From Rice’s blog:
What are the readings complicating regarding the teaching of writing? Assignment creation?
To pose an assignment as part of a Thing, or circulation, then, means you have to think of the Whole, not part.
This means you have to think of the class, not the one assignment. Our challenge now is to be seeing the class as a whole, not as scattered pieces.
Let’s start in that direction: Class goals. Context. Book. Day to day.
Particularly if you are imagining argument or critique as central to the work you will do.
Rather than pro/con, controversial issue, “something of importance,” or related assignment that does not get at what this week’s readings propose, construct the assignment(s) within the larger course based on the whole. In other words, don’t teach the matter of fact assignment (Latour). Instead, can you teach to write matters of concern (Latour)?

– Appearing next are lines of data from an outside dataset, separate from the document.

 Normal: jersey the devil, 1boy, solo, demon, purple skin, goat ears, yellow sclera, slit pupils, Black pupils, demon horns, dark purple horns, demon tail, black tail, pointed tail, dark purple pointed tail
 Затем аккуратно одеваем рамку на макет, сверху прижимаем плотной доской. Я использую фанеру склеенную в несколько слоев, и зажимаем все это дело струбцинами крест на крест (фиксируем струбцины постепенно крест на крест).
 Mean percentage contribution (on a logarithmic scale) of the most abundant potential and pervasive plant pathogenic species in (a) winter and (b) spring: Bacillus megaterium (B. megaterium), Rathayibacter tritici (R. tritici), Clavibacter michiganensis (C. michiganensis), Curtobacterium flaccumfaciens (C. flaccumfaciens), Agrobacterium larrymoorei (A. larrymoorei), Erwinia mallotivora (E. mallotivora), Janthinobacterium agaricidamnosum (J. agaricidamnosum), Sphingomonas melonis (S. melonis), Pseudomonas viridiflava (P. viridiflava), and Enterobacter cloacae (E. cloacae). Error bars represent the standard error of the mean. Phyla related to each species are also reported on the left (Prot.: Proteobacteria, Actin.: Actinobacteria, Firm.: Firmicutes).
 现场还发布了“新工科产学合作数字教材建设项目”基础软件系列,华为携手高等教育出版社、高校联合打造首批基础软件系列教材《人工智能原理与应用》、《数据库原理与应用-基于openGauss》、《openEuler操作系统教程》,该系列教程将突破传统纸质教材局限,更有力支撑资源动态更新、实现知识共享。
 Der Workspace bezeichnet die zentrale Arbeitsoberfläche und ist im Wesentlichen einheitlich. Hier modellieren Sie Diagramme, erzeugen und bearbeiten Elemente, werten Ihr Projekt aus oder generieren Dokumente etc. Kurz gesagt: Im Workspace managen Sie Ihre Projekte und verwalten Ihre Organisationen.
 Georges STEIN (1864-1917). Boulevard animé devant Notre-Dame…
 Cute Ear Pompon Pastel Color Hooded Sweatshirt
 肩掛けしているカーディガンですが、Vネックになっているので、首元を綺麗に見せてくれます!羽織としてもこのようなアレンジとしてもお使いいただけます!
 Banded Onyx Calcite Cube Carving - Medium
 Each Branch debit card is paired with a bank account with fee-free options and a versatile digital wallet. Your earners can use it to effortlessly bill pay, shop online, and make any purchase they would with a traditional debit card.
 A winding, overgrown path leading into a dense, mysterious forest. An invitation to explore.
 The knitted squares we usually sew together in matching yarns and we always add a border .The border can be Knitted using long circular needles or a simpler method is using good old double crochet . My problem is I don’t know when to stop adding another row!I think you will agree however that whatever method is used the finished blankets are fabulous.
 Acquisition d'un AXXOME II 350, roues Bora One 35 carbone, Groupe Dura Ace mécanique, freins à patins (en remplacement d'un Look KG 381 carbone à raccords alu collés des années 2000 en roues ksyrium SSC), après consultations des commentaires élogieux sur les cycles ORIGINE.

First step: what would you read? (invention - see Walker, Corder)
Second step: what does that reading allow students to do? (rhetoric - see Vitanza, Brodkey, Davis, Ray, Barthes)
Third step: what are the larger issues, “gatherings,” gestures, moves, material conditions you want students to engage with and express?
Fourth step: how would students go about researching or exploring the issue/problem/idea/gesture (Johnson) or use the details of their research (Brooke) to remake, rethink, redo (Harris) and rethink assumptions (Skorczewski) in an inventive way (Ulmer, Bishop) where language drives the work (Vitanza, Hartwell, Williams)?
What would be gathered or assembled or added in such research (Latour)?
How might the course/assignment/writing be intertextual/inter-connected (Vitanza)?